[Math] Lebesgue measurablity of Hardy Littlewood maximal function

Question

This question maybe embarrassingly simple, but still I wish to ask whether the Hardy Littlewood maximal function is lebesgue measurable. I know it is Borel measurable as it is lower semi continuous if the function is locally integrable. Is there any shorthand proof of Lebesgue measurablity ?

Answer 1

Recall that $f:\Bbb{R}^d\rightarrow \Bbb{R}$ is Lebesgue measurable if $\{f>\alpha\}$ is open for every real number $\alpha$ (this follows from the standard definition that $f$ is measurable if $f^{-1}([-\infty,\alpha))$ is measurable).

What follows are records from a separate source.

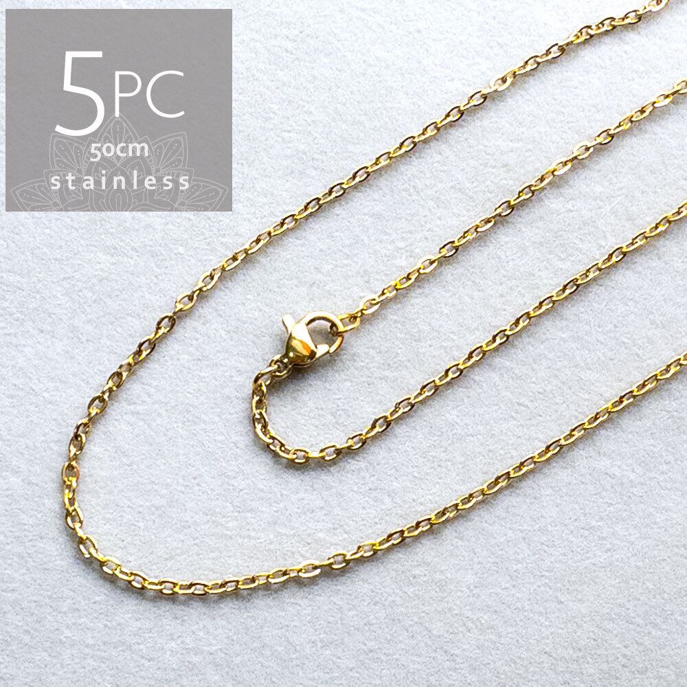 *5本* サージカルステンレス 50cm 小豆チェーン ネックレス ペンダント ゴールド SUS304 ch049
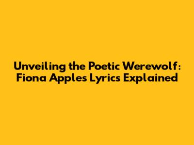 Unveiling The Poetic Werewolf: Fiona Apple's Lyrics Explained
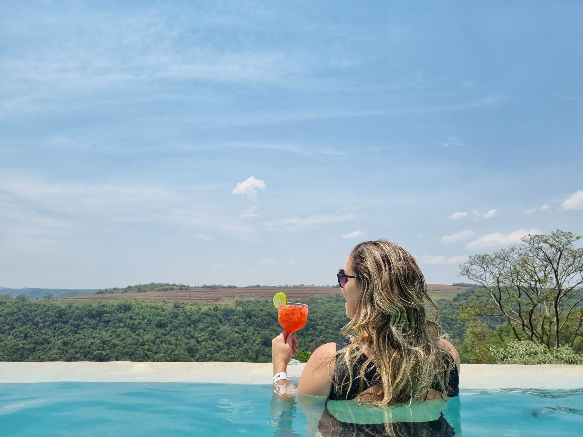 Dia seguinte, partimos curtir um maravilhoso day use no Recanto das Cachoeiras, o local possui estrutura de lazer integrada à natureza, um Mega Spa térmico ao ar livre com estrutura de 3.000 metros quadrados sendo 600 deles de spas, mantidos a 35 graus. Piscina praia, com a borda da cuesta, uma piscina com uma vista panorâmica de toda a paisagem das serras de Brotas. Oásis, uma piscina de água natural, corrente, com 1,40 metros de profundidade lindíssimo. Salão de jogos e Trilhas que te levam até a Cachoeira da Roseira e a Cachoeira Santo Antônio.
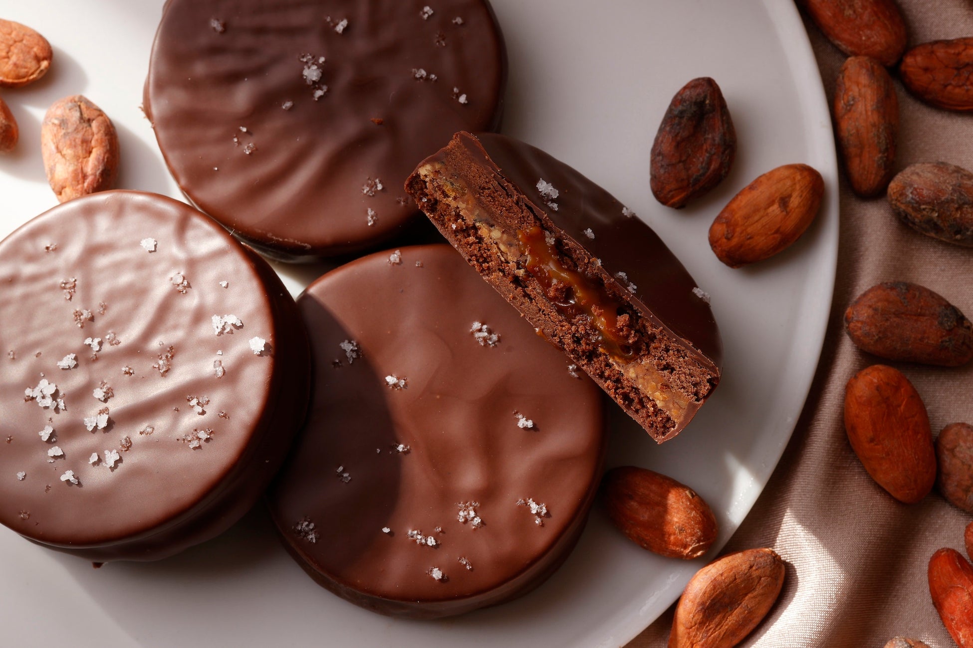 軽やかなカカオサブレ生地の中には、香り高い自家製アーモンドプラリネとキャラメルソースが忍ばせてあります。ベルギー産のチョコレートを使用し、最後に小笠原諸島の塩をひと振りしてアクセントを加えました。豊かな風味と絶妙な塩味のバランスが楽しめる一品です。
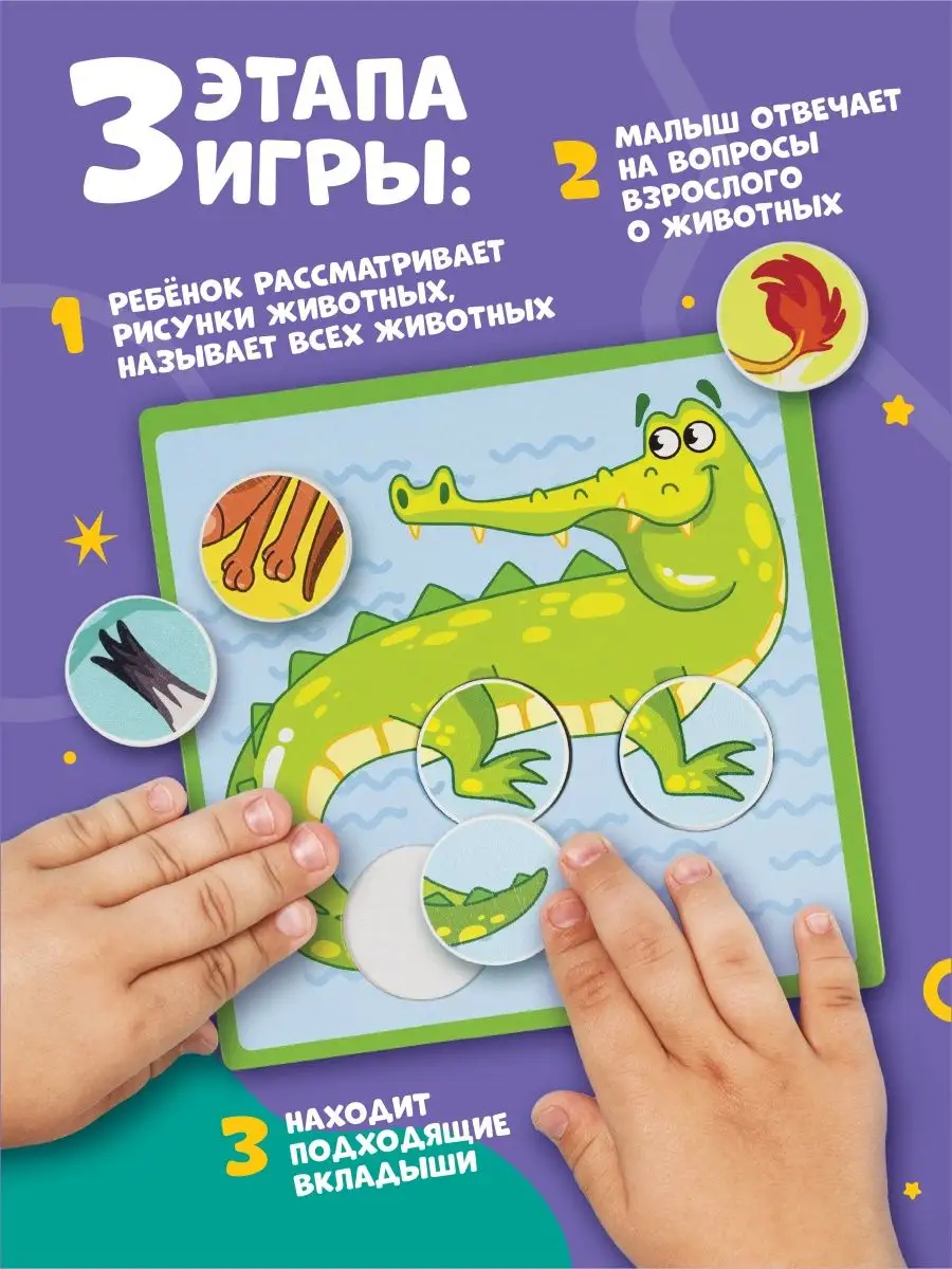 Комплектация Прочная и удобная коробка для хранения игры - 1 шт; планшет-рамка для деревянных вкладышей - 4 шт; деревянные вкладыши - 9 шт; Инструкция для родителей - 1 шт

Then, let the maximal function be defined as usual $$ Mf(x)=\sup_{B\ni x}\frac{1}{\vert B\vert}\int_B\vert f(y)\vert dy $$

Now, $\{Mf>\alpha\}$ is open since if $y\in \{Mf>\alpha\}$, there is a ball $B$ such that $y\in B$ and

$$ \frac{1}{\vert B\vert}\int_B\vert f\vert >\alpha $$ And, for any other $x\in B$, we have

$$ Mf(x)\geq\frac{1}{\vert B\vert}\int_B\vert f\vert>\alpha $$and hence $x\in \{Mf>\alpha\}$ as well.